A different statistical method to determine the effect
of the different variables under study is to perform
hierarchical cluster analysis using nearest neighbor
statistical methods [ 25 ] . Here, we subjected all
profiles to unsupervised cluster analysis, as a means of
determining which variables had the greatest effect (e.g.

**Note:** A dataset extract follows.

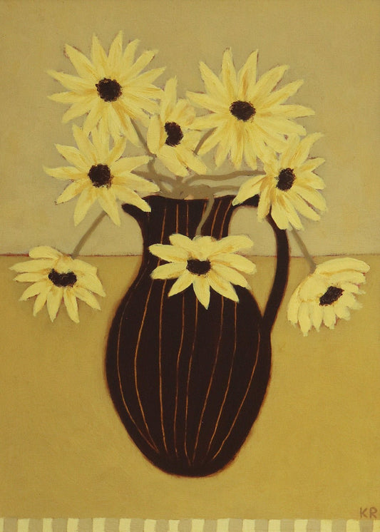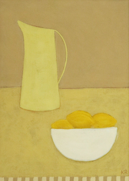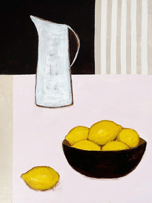 Katie Roberts is a Cornwall-based artist known for her vibrant still life paintings that celebrate colour and form. Inspired by her surroundings and travels, she creates playful, Mediterranean-inspired scenes. With a background in Graphic Communication and design experience in London, she now paints from her studio near Falmouth, drawing from the coastal light and landscape.

intra-patient variability [different regions of biopsy],
versus diagnosis [DMD vs control], versus inter-patient
variability [DMD patients in same age group], versus age of
patient). For this analysis, we used the fluorescence
intensity of each probe set (Average difference), after
data scrubbing to remove genes that showed expression
levels near background ("Absent" Calls) for all profiles
(Fig. 3). This analysis shows that duplicate profiles of
the same cRNA hybridization solution are the most highly
related (Patient 3 a and duplicate (3a-d); 3b and duplicate
(3b-d)), consistent with the high correlation found by the
comparisons using Affymetrix Microarray Suite software
described above. Again, this reflects the low amount of
combined experimental variability intrinsic to the
laboratory processing of RNA, cDNA, cRNA and
hybridization.
When comparing two different regions of the same biopsy
[intra-patient variability], we found widely varying
results, depending on the patient studied (Fig. 3). For
example, some individual patients showed very closely
related profiles that approached the similarity of
duplicate arrays on the same cRNA (Fig. 2; profiles 6a, 6b;
10a, 10b). On the other hand, some patients showed very
distantly related profiles for two regions of the same
biopsy (Fig. 3; profiles 1a, 1b; 4a, 4b; 9a, 9b).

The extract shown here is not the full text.